Getting Started with TensorFlow Model Analysis

Overview

TensorFlow Model Analysis (TFMA) is a library for performing model evaluation.

For: Machine Learning Engineers or Data Scientists
who: want to analyze and understand their TensorFlow models
it is: a standalone library or component of a TFX pipeline
that: evaluates models on large amounts of data in a distributed manner on the same metrics defined in training. These metrics are compared over slices of data, and visualized in Jupyter or Colab notebooks.
unlike: some model introspection tools like tensorboard that offer model introspection

TFMA performs its computations in a distributed manner over large amounts of data using Apache Beam. The following sections describe how to setup a basic TFMA evaluation pipeline. See architecture more details on the underlying implementation.

If you just want to jump in and get started, check out our colab notebook.

This page can also be viewed from tensorflow.org.

Model Types Supported

TFMA is designed to support tensorflow based models, but can be easily extended to support other frameworks as well. Historically, TFMA required an EvalSavedModel be created to use TFMA, but the latest version of TFMA supports multiple types of models depending on the user's needs. Setting up an EvalSavedModel should only be required if a tf.estimator based model is used and custom training time metrics are required.

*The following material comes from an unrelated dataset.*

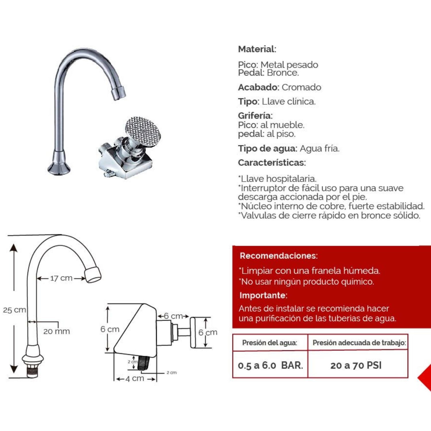 Diseñada especialmente para entornos hospitalarios y clínicos, esta grifería combina resistencia, higiene y practicidad. Su sistema de accionamiento por pedal garantiza un uso sin contacto manual, reduciendo riesgos de contaminación y ofreciendo un flujo de agua controlado y seguro.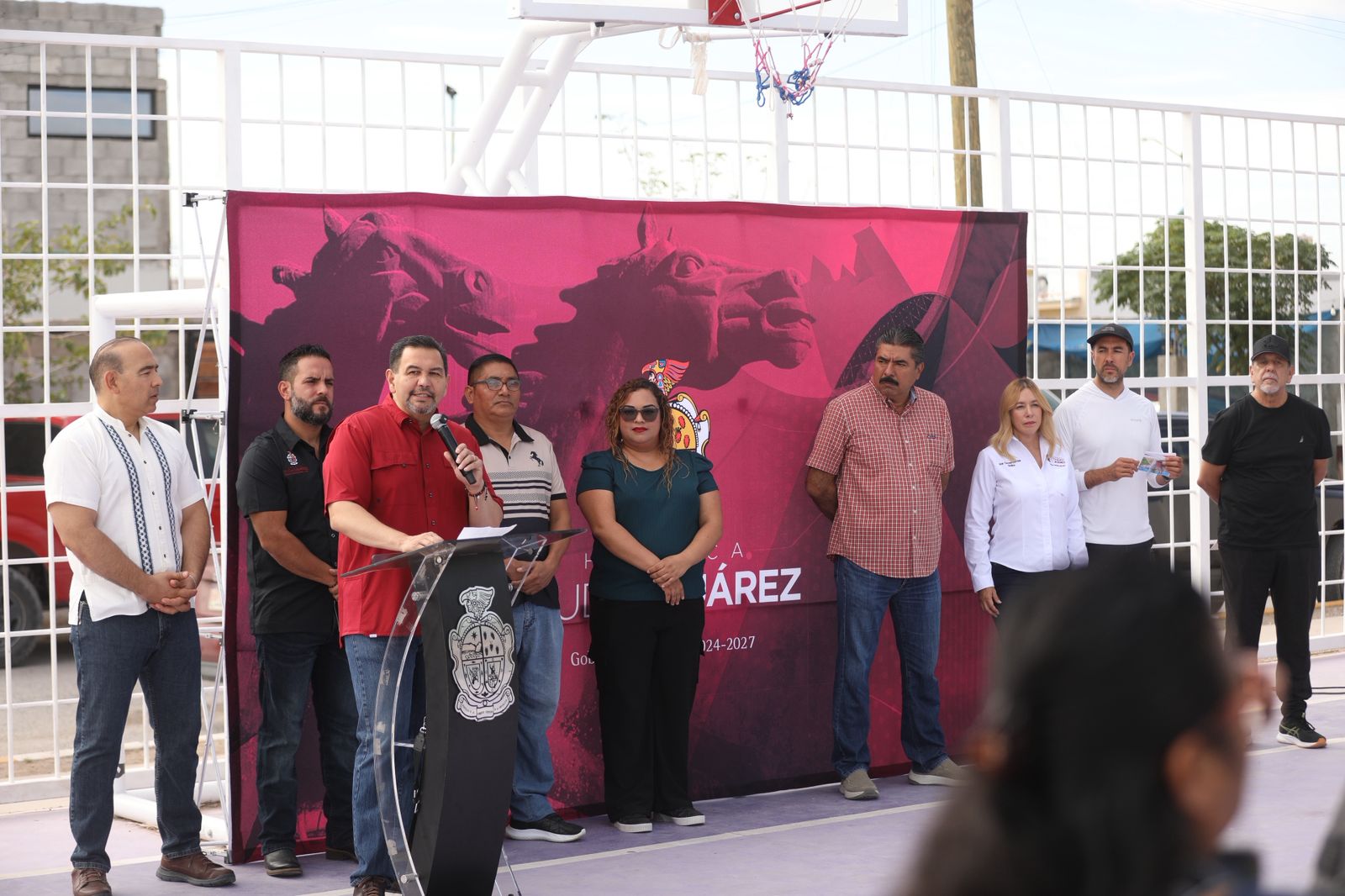 Durante la entrega de los trabajos de equipamiento estuvieron la síndica Municipal, Ana Carmen Estrada; el director general de Servicios Públicos Municipales, César Tapia Martínez; el director general de Centros Comunitarios, Luis Fernando Rodríguez Giner; el director de Atención Ciudadana, Víctor Valencia, así como Omar Acosta, de la Dirección de Participación Ciudadana.

Note that because TFMA now runs based on the serving model, TFMA will no longer automatically evaluate metrics added at training time. The exception to this case is if a keras model is used since keras saves the metrics used alongside the saved model. However, if this is a hard requirement, the latest TFMA is backwards compatible such that an EvalSavedModel can still be run in a TFMA pipeline.

The following table summarizes the models supported by default:

Model Type	Training Time Metrics	Post Training Metrics
TF2 (keras)	Y*	Y
TF2 (generic)	N/A	Y
EvalSavedModel (estimator)	Y	Y
None (pd.DataFrame, etc)	N/A	Y

Training Time metrics refers to metrics defined at training time and saved with the model (either TFMA EvalSavedModel or keras saved model). Post training metrics refers to metrics added via tfma.MetricConfig.
Generic TF2 models are custom models that export signatures that can be used for inference and are not based on either keras or estimator.

See FAQ for more information on how to setup and configure these different model types.

Setup

Before running an evaluation, a small amount of setup is required. First, a tfma.EvalConfig object must be defined that provides specifications for the model, metrics, and slices that are to be evaluated. Second a tfma.EvalSharedModel needs to be created that points to the actual model (or models) to be used during the evaluation. Once these have been defined, evaluation is performed by calling tfma.run_model_analysis with an appropriate dataset. For more details, see the setup guide.

If running within a TFX pipeline, see the TFX guide for how to configure TFMA to run as a TFX Evaluator component.

Examples

Single Model Evaluation

The following uses tfma.run_model_analysis to perform evaluation on a serving model. For an explanation of the different settings needed see the setup guide.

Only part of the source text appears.